それらに触れた“電位の揺らぎ”を、精密に拾い上げる。
「……医務室、反応なし。寮も……不自然だな」
ロイの魔力反応は、ない。
遮断された痕跡も、隠蔽された形跡も見当たらない。
――最初から、いなかったかのように。
ライゼルは、足を止めた。
背筋に冷たいものが走る。
(……消え方が、綺麗すぎる)
失踪にしては痕跡がない。
事故にしては報告が遅い。
そして何より――王族の一人が、無断で行方不明になること自体が異常だ。
護衛は? 連絡網は? 最低限の所在確認は?
どれも、機能していない。まるで、誰かが意図的にスイッチを切ったかのように。
「……教員側も、まだ全体には出してないな」
これは隠蔽ではない。
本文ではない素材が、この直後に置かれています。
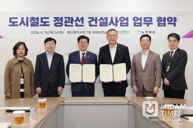 미담타임스 남혜영 기자 | 부산시는 16일 오후 2시 시청 국제의전실에서 기장군과 '도시철도 정관선 건설사업 기본 협약'을 체결하고, 사업의 원활한 추진을 위한 상호 협력체계를 구축한다고 밝혔다.

判断待ちだ。
問題の大きさを測りかねている。
もし本当に事件なら、学院だけでは抱えきれない。
学院内から国家へ。波紋は、確実に広がる。
だからこそ――今はまだ、“所在不明”という言葉に留めている。
「……ったく」
ライゼルは、低く息を吐いた。
面倒事は嫌いだ。
アリスたちを見て痛感した自分の未熟さに向き合うだけで精一杯だ。深入りする性格でもない。
だが。
(アイツが、黙って消えるわけがない)
ロイは真面目だ。融通は利かないが、責任感だけは人一倍ある。
序列戦を延期するほどの体調不良なら、それこそ這ってでも連絡を入れるはずだ。
それが、ない。
雷帝が、微かに震えた。
――反応。
ほんの一瞬。
学院外縁部、立ち入り制限区域付近で、異質な魔力の残滓。
弱く、薄い。だが、確かに“学院のデータベースにない魔力”。
「……外か」
ライゼルは、視線を上げる。
空は、すでに夕暮れに染まり始めていた。
序列戦の熱気が冷め、学院が日常へ戻ろうとする時間帯。
その裏で、一人分の“空白”だけが、静かに広がっている。
「……深入りするつもりはないが」
誰に向けた言葉でもなく、呟く。
王族である以上、見過ごすという選択肢はない。
まして――同じ立場にいる者が消えたのなら。
「行くぞ、ヴォルティノーグ」
雷精霊が、静かに応じた。
派手な雷光は、まだ落ちない。
だが。
この時点で、ライゼルはもう――事件の“当事者”になっていた。